▶ WORK ITEM
Without including any pictures, give back all of the data exactly.

▶ DATASET SECTION
::::::::

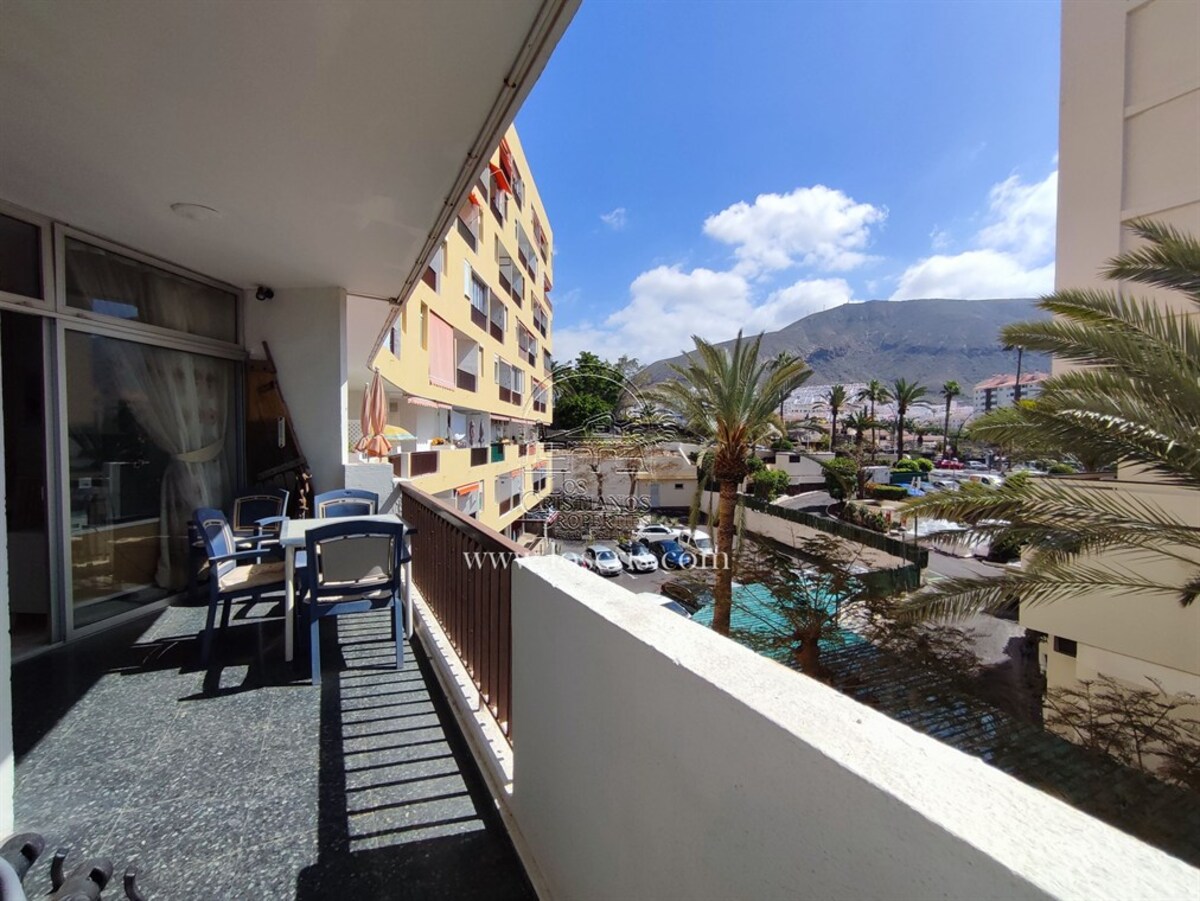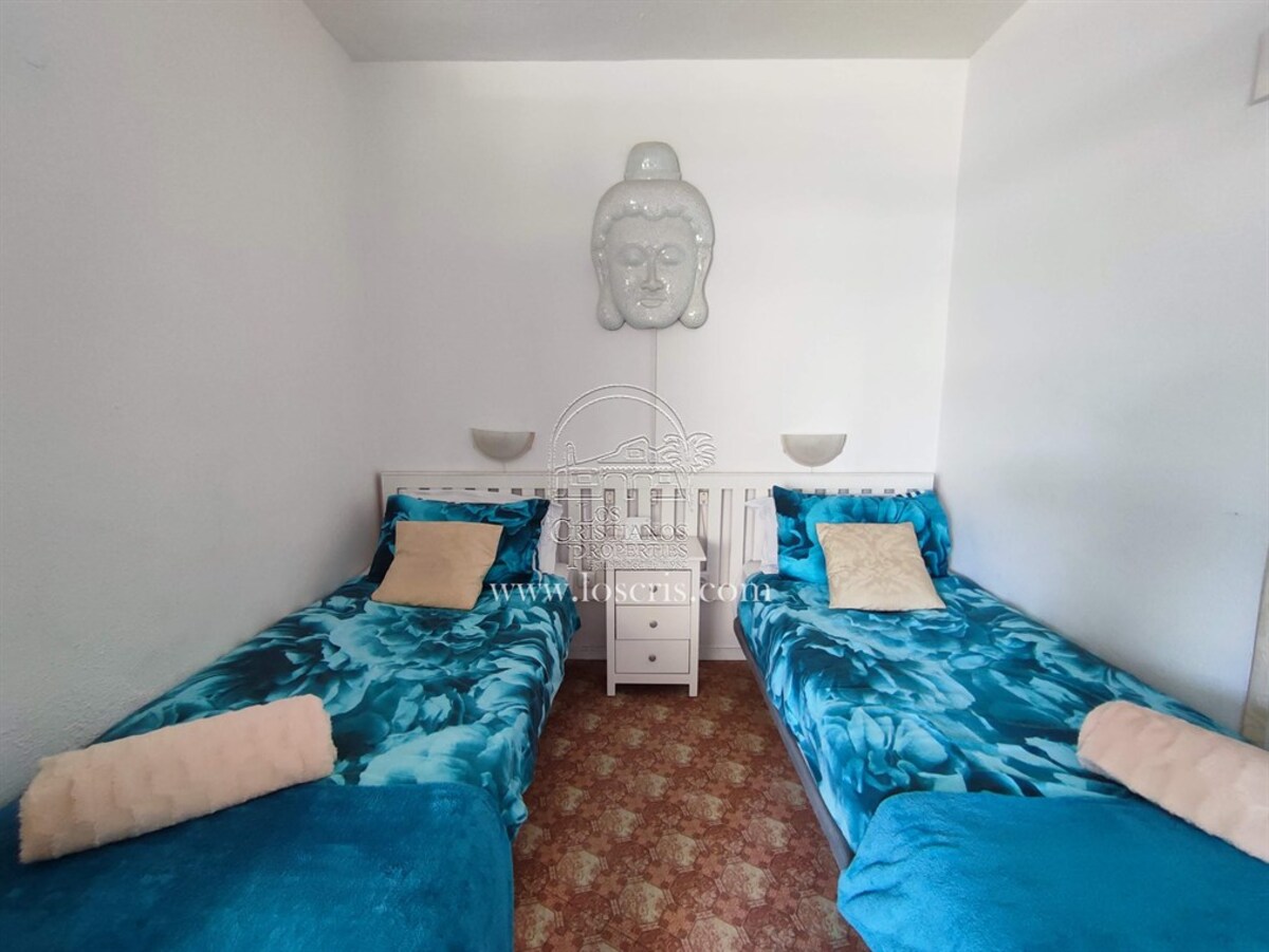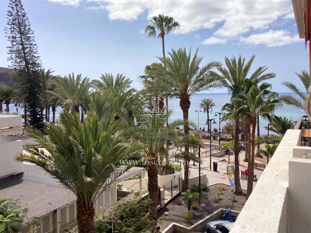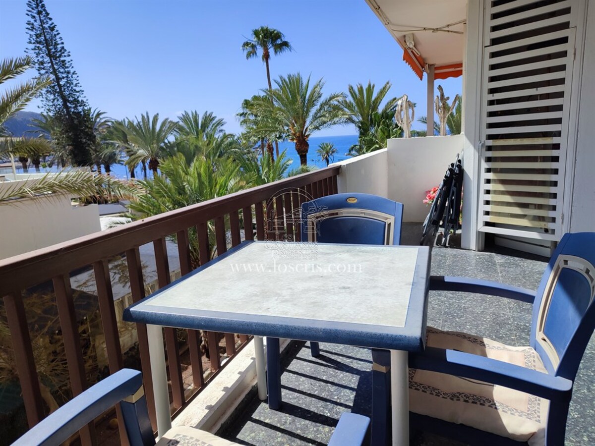 Studio-type apartment situated on the ground floor of a front-line complex in Los Cristianos. The studio is situated on the side of the complex, with an interior measurement of approx. 39,62 m² and comprises a bathroom and a separate kitchen leading onto the lounge/bedroom area. The sleeping area is partitioned off to give privacy from the rest of the lounge. The terrace measures approx. 11.85 m² and offers great sea views. The studio is sold fully furnished. This is a sought after complex, with alll ammentites close by and communal parking is available inside the complex accessed by remote control. There is a swimming pool on the complex and a sunbathing area.
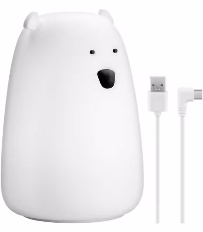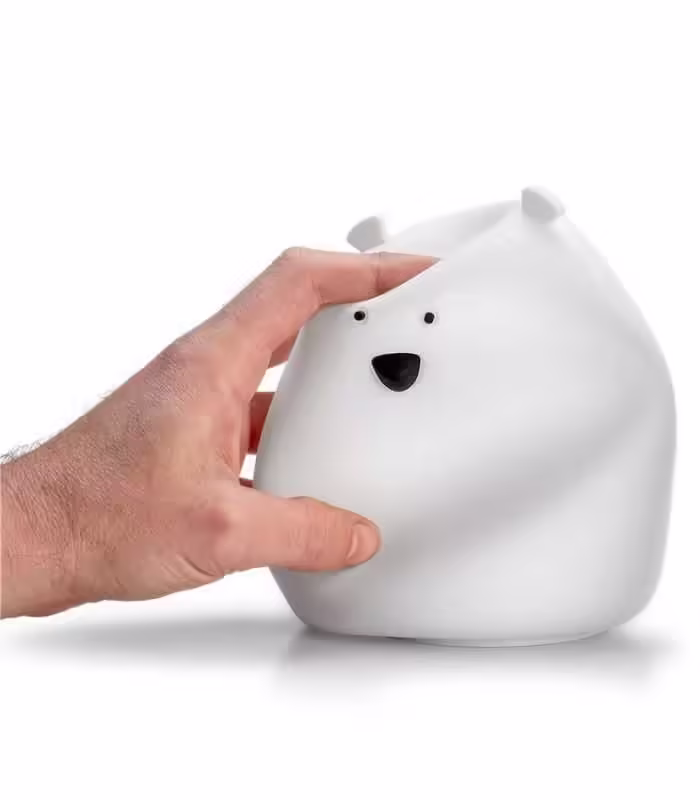Ursul polar este perfect ca ajutor pentru somn sau veioza pentru bebeluș, precum și ca noptieră sau decor de pepinieră.
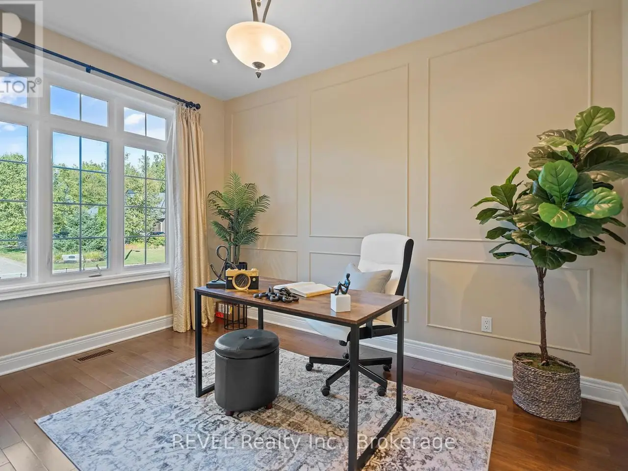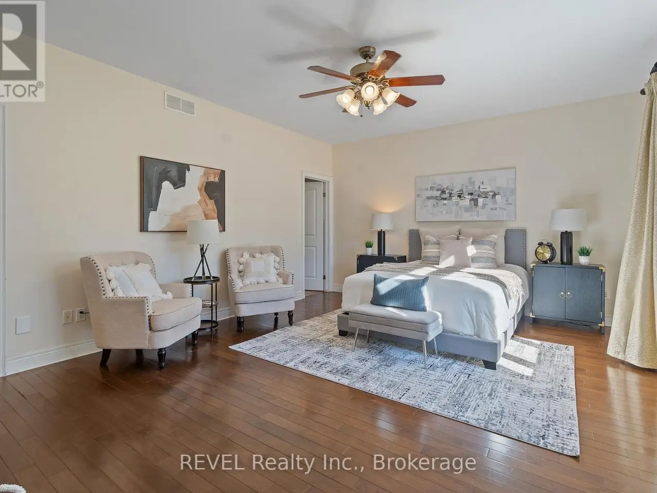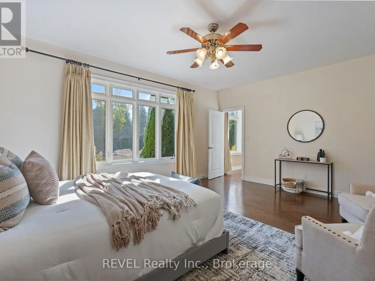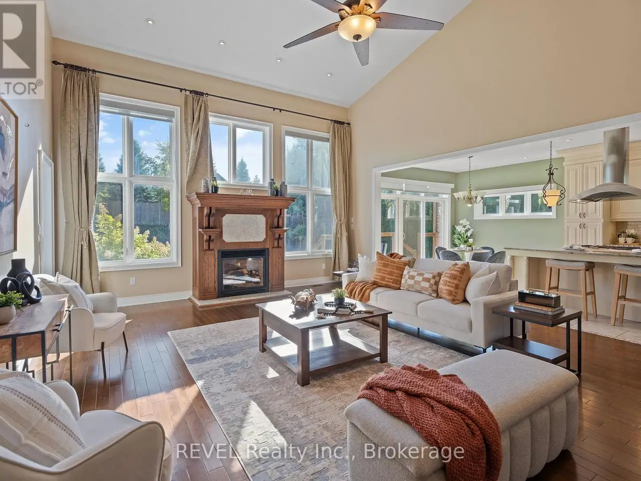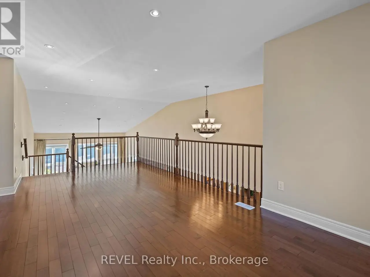 Nestled in one of Niagara's most prestigious neighbourhoods, Calaguiro Estates in North-End Niagara Falls, 6718 Domenic Crescent offers an extraordinary residence on a 100 x 193 ft estate-sized lot. With approximately 3,000 sq.ft. of above-grade living space, this custom-built home is designed with sophistication and comfort in mind. The main floor impresses with 20-ft soaring vaulted ceilings, a fireplace, and an open-concept layout that perfectly blends elegance and function. The custom kitchen features granite countertops and ample cabinetry, flowing seamlessly into the bright living and dining areas filled with natural light. The main floor primary suite offers a 5-piece ensuite and walk-in closet, while main floor laundry and a dedicated office add everyday convenience. Upstairs, the open-concept family room overlooks the main level, enhancing the homes spacious, connected feel.The basement features a finished bedroom and a 5-piece bathroom, with plenty of additional space to complete another bedroom, a workout room, and a recreation area. It also offers a walk-up to the backyard. Outside, the expansive, fully fenced yard lined with mature cedars provides exceptional privacy and the potential to create your dream resort-like retreat. Ideally located near the QEW, top schools, and all North-End Niagara Falls amenities, this stunning property embodies luxury living in one of Niagara's most coveted communities. (id:7434)

::::::::

▶ EXPECTED OUTPUT
 Studio-type apartment situated on the ground floor of a front-line complex in Los Cristianos. The studio is situated on the side of the complex, with an interior measurement of approx. 39,62 m² and comprises a bathroom and a separate kitchen leading onto the lounge/bedroom area. The sleeping area is partitioned off to give privacy from the rest of the lounge. The terrace measures approx. 11.85 m² and offers great sea views. The studio is sold fully furnished. This is a sought after complex, with alll ammentites close by and communal parking is available inside the complex accessed by remote control. There is a swimming pool on the complex and a sunbathing area.
Ursul polar este perfect ca ajutor pentru somn sau veioza pentru bebeluș, precum și ca noptieră sau decor de pepinieră.
 Nestled in one of Niagara's most prestigious neighbourhoods, Calaguiro Estates in North-End Niagara Falls, 6718 Domenic Crescent offers an extraordinary residence on a 100 x 193 ft estate-sized lot. With approximately 3,000 sq.ft. of above-grade living space, this custom-built home is designed with sophistication and comfort in mind. The main floor impresses with 20-ft soaring vaulted ceilings, a fireplace, and an open-concept layout that perfectly blends elegance and function. The custom kitchen features granite countertops and ample cabinetry, flowing seamlessly into the bright living and dining areas filled with natural light. The main floor primary suite offers a 5-piece ensuite and walk-in closet, while main floor laundry and a dedicated office add everyday convenience. Upstairs, the open-concept family room overlooks the main level, enhancing the homes spacious, connected feel.The basement features a finished bedroom and a 5-piece bathroom, with plenty of additional space to complete another bedroom, a workout room, and a recreation area. It also offers a walk-up to the backyard. Outside, the expansive, fully fenced yard lined with mature cedars provides exceptional privacy and the potential to create your dream resort-like retreat. Ideally located near the QEW, top schools, and all North-End Niagara Falls amenities, this stunning property embodies luxury living in one of Niagara's most coveted communities. (id:7434)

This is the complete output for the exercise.